Once the barrel assembly is fully extended, you can load a pellet into the barrel breech. As previously noted there is almost no resistance in opening the action. To dry fire the V10, only open it about half way, this cocks the trigger mechanism without pressurizing the cylinder.

There is about 21 pounds of resistance when closing the barrel assembly. It takes a firm push with the palm of your hand. The resistance never gets lighter but closing the assembly does become easier the more you do it. Always be certain to have your trigger finger outside of the triggerguard and against the frame until you are ready to shoot.

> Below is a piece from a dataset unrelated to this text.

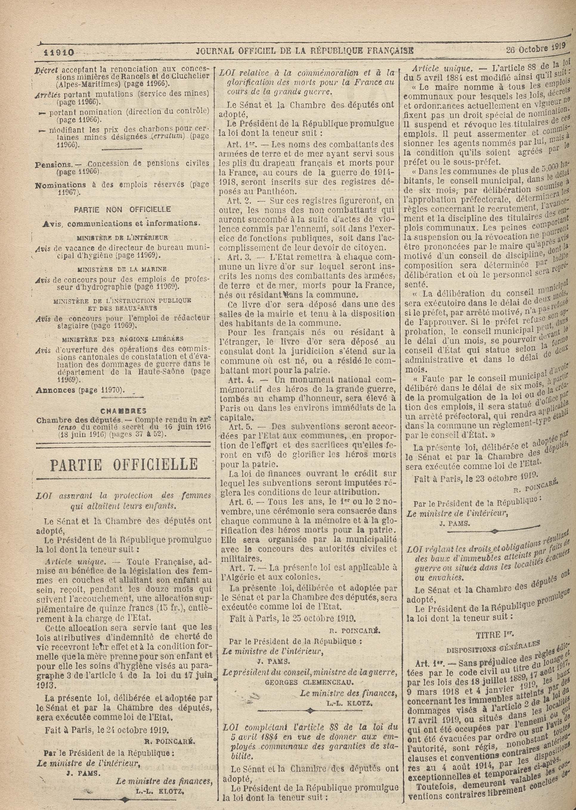 « Loi relative à la commémoration et à la glorification des morts pour la France au cours de la grande guerre »Journal Officiel de la République, 26 October 1919.

The V10, like all 10-Meter pistols, has no safety mechanism.

I decided to shoot the test with the Meisterkugeln lead wadcutters. With the sights adjusted, the trigger pull at its crisp 2 pounds, 2.1 ounces and the trigger blade perfectly meeting the first joint of my trigger finger, the V10 gave me a best 10-shot target measuring 0.93 inches with a best 5-shot group clustered into 0.5 inches. I found myself hitting a little high but with tight groups. With only three days shooting this air pistol I’m certain I could get tighter groups than I had with the Webley Hurricane (and I was using a two-handed hold with the Webley). Out of the box and with a few minor adjustments the Air Venturi V10 definitely delivers 10-Meter competition capability.

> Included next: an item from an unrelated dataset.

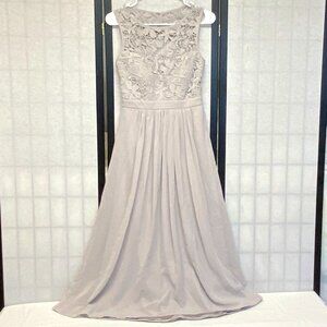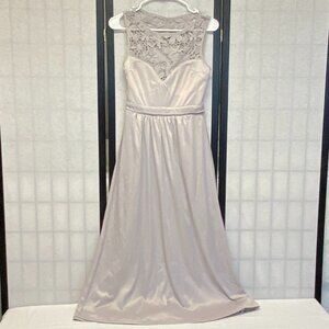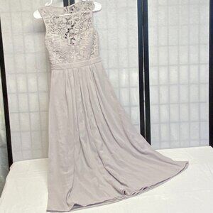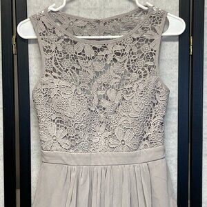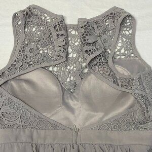 Sleeveless Lace Top Open Back Fit and Flare Formal Dress from Lulus. Lovingly worn – looks in excellent condition. Fit and flare silhouette in silver grey. Heavy crochet lace empire bodice and swingy lined chiffon skirt. Bodice lining forms sweetheart neckline and has built in padded cups. Dress is lined with same soft jersey knit. Crochet like lace bodice, shoulders and sides with open back with hook and eye closure at neck. Empire waistline flares to full swingy long skirt. Chiffon and lining both gathered into band. Invisible zipper and hook closure below band in back. Hits above ankles. Pair with silver heels and dainty jewelry for an effortlessly elegant look.

I went through about half a dozen National 10 Meter Air Pistol Targets for this test and the best 10-shot group was comprised of two 5-shot clusters averaging 0.5 inches. The bullseye, however, remained unscathed by my efforts. Game, set, but no match.

Next week in Part 4 we shift the emphasis to target shooting with Match Pistols.

5 thoughts on “Target Pistols and Target Shooters Part 3

  1. Again , nice shooting Dennis. How well do you like the sights on this pistol ? Did you encounter any problems loading it ? The Beeman P17 has the same type of action and loading drill. Using wad cutter pellets. at times I have trouble loading it. The cocking effort on the Beeman seems pretty hard to me and the rear sight will dig into your hand while cocking. Once you get the thing loaded , and cocked, you are rewarded with a recoil free shot, which is a nice change from the spring powered Webley Tempest. Wonder if the V10 cocks easier then the P17?
    Best wishes
    Harvey


    • I have not shot the P17 so I can’t say. The Air Venturi V10 is not easy to cock but not difficult either, you get into a rhythm with it and it is not too bad. Next week I will be reviewing the Beeman P3 and we will see how that is compared to the Air Venturi. The V10 has virtually zero felt recoil.


      • As I understand, the Beeman P17 is a Chinese made copy of the German P3, so you will be able to see how the P17 works by testing the P3 . The lack of recoil with the single pump pneumatics is very nice. Isn’t it wonderful we have so many choices of power plants ?
        Harvey


        • Harvey, right the P17 is a lower-priced Singapore Airgun Company version of the German made P3. You will read how this came about in tomorrow’s Airgun Experience. We do have wonderful choices in airguns and each serves a specific purpose and segment of the market.


  2. I am not a bullseye shooter ,that went by the wayside years ago when I traded a High Standard Citation on a Marlin 1894 24 inch barrel 45 Colt for CAS. The only 22 s I have are not true bullesye pistols, A Woodsman Target , Huntsman, and a Colt 22. This pistol might seem like a way to go for informal for me, target shooting. Would be interesting to see if it could be adapted to using a gas piston instead of a spring. The nice thing is being able to easily switching from rt hand to left hand use. For my old Crosman 600 that came with rt hand thumb rest , actually had 2, only one still works, I found flat wood grips for one and an original lt hand plastic set for the other . I canabalized thert and lt hand sets to come up wit a flat rt and lt hand side grip so anyone could shoot it.